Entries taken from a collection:

◆ ◆ ◆

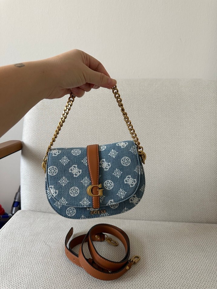 Mavi baskılı denim kumaştan, tokalı ve altın zincir saplı kadın çantası. Paris tarzı ve bohem sokak stilini yansıtıyor. ✨
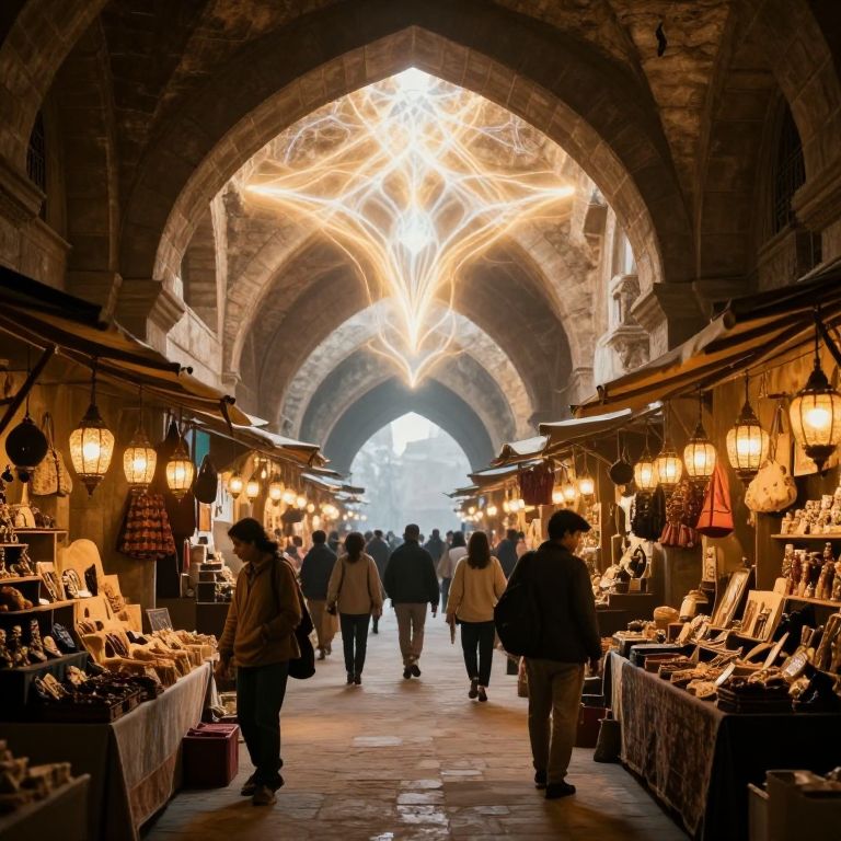Photograph of a bustling, dimly lit indoor market with an arched stone ceiling. Warm, glowing lanterns hang from the ceiling, illuminating rows of stalls on both sides. Shoppers, dressed in casual clothing, walk along a central pathway. Stalls display various items including jewelry, bags, and trinkets. The market's stone walls and arched ceiling create a historical ambiance, with the bright light from the ceiling highlighting the path forward. The background shows a foggy, bright exit, contrasting with the market's warm, inviting glow.
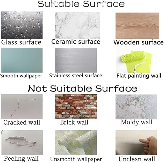 • Suitable for any flat, smooth, clean and dry hard surface, but not suitable for dirty or rough surfaces, and will not fall off for a long time. (Usually 5-8 years)
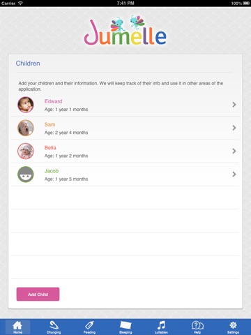 Easily keep track of which baby or twin, triplet or quadruplet baby ate when, how much, how long. Also tracks multiples sleeping and dirty/wet diapers habits. Jumelle Twin and Baby Tracker has multiple features for tracking one baby to 10 babies: Keep notes on each babys teething, fevers, milestones reached. Night light allows for easy night time recording of babies habits and export feature ensures information is shared with multiples grandparents, child care centres, out of town parent, babies physician. Loaded with multiple hints, tips, suggestions, solutions! Dont struggle in a sleep-deprived fog to remember which baby, twin, triplet or quadruplet did what. The Jumelle Twin and Baby Tracker App keeps it all under control for you.
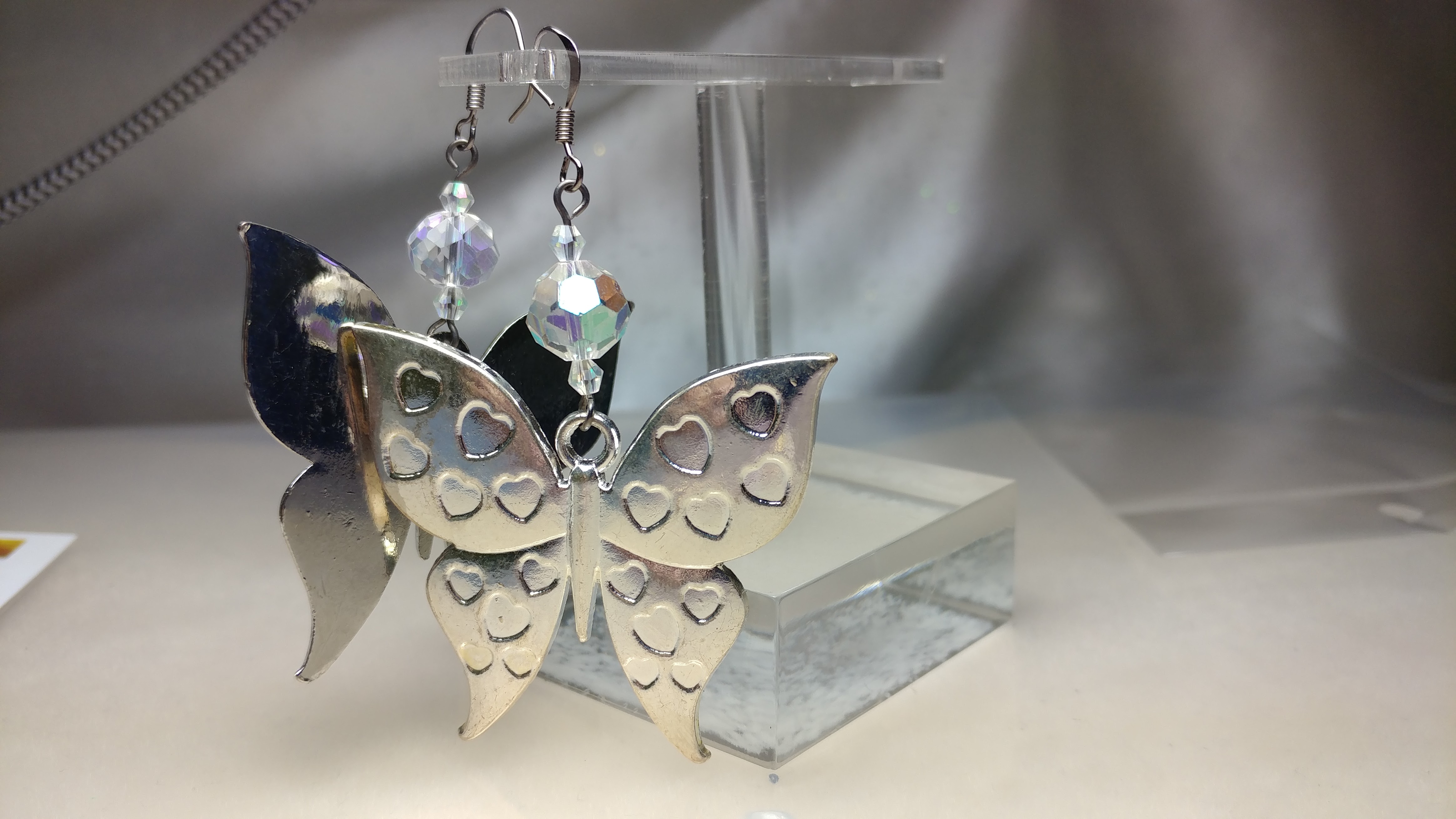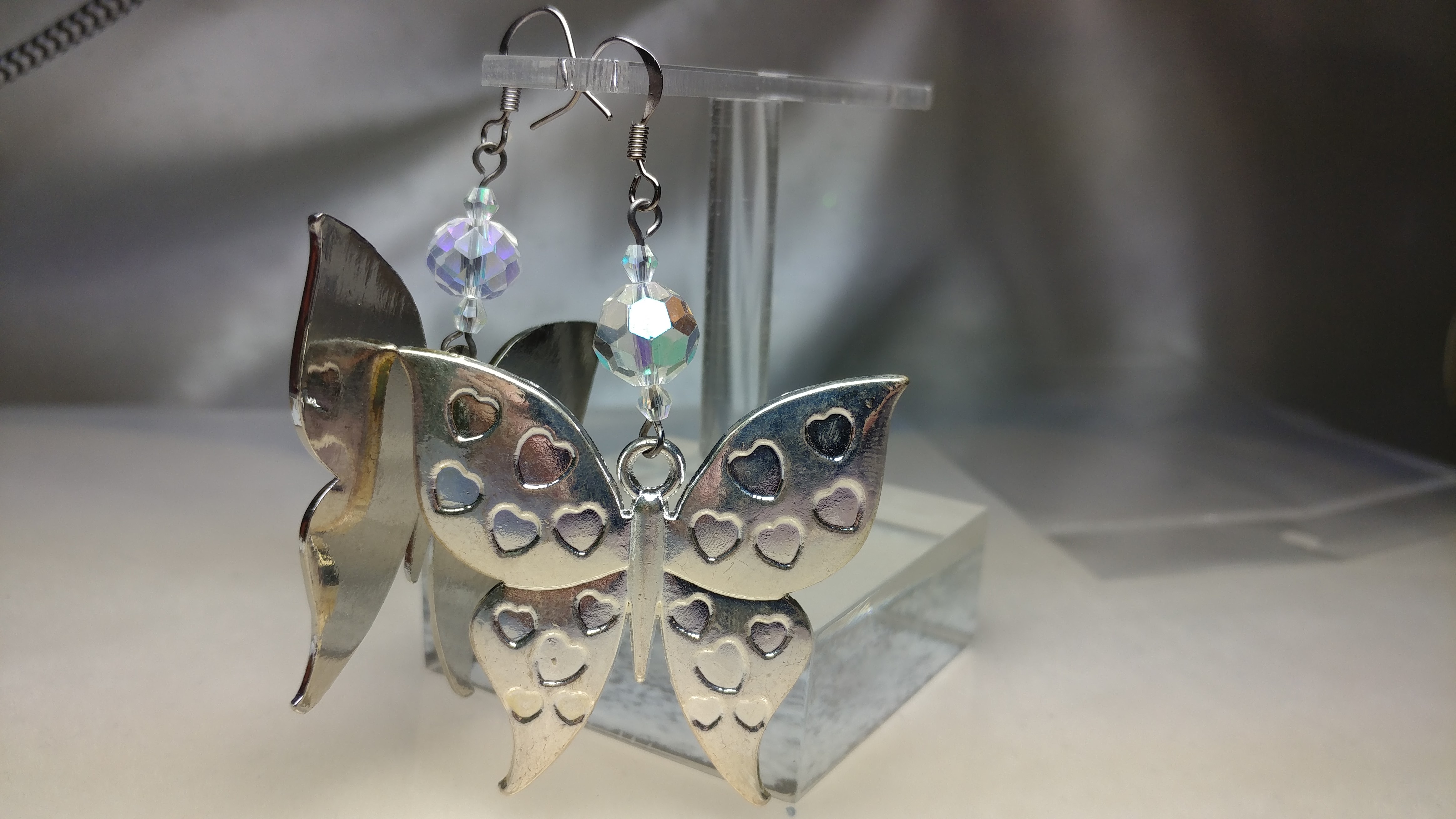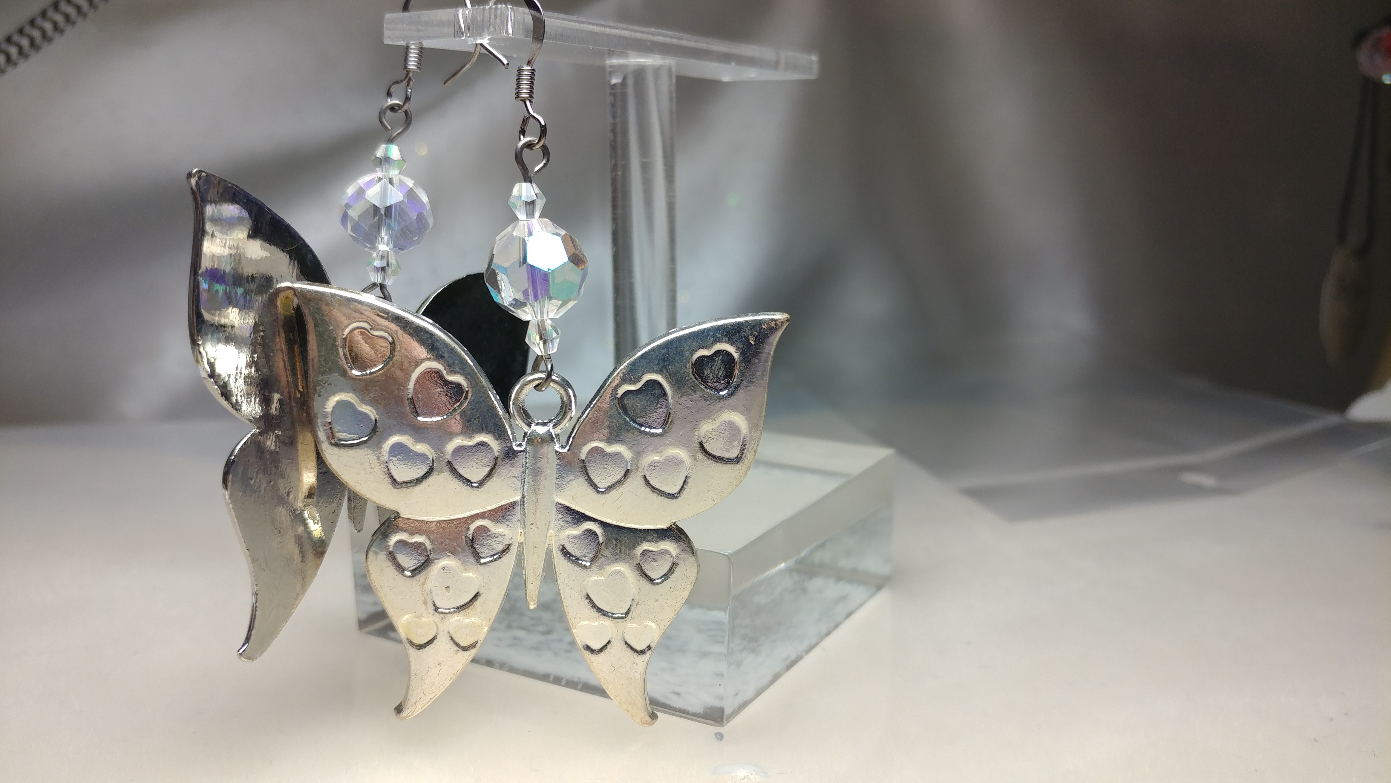 Handmade with a Silvertone butterflies, with glass AB clear colored beads and Stainless Steel Earring Hooks

◆ ◆ ◆

Each entry is to be given again exactly as it stands, with its pictures removed.

 Mavi baskılı denim kumaştan, tokalı ve altın zincir saplı kadın çantası. Paris tarzı ve bohem sokak stilini yansıtıyor. ✨
Photograph of a bustling, dimly lit indoor market with an arched stone ceiling. Warm, glowing lanterns hang from the ceiling, illuminating rows of stalls on both sides. Shoppers, dressed in casual clothing, walk along a central pathway. Stalls display various items including jewelry, bags, and trinkets. The market's stone walls and arched ceiling create a historical ambiance, with the bright light from the ceiling highlighting the path forward. The background shows a foggy, bright exit, contrasting with the market's warm, inviting glow.
 • Suitable for any flat, smooth, clean and dry hard surface, but not suitable for dirty or rough surfaces, and will not fall off for a long time. (Usually 5-8 years)
 Easily keep track of which baby or twin, triplet or quadruplet baby ate when, how much, how long. Also tracks multiples sleeping and dirty/wet diapers habits. Jumelle Twin and Baby Tracker has multiple features for tracking one baby to 10 babies: Keep notes on each babys teething, fevers, milestones reached. Night light allows for easy night time recording of babies habits and export feature ensures information is shared with multiples grandparents, child care centres, out of town parent, babies physician. Loaded with multiple hints, tips, suggestions, solutions! Dont struggle in a sleep-deprived fog to remember which baby, twin, triplet or quadruplet did what. The Jumelle Twin and Baby Tracker App keeps it all under control for you.
 Handmade with a Silvertone butterflies, with glass AB clear colored beads and Stainless Steel Earring Hooks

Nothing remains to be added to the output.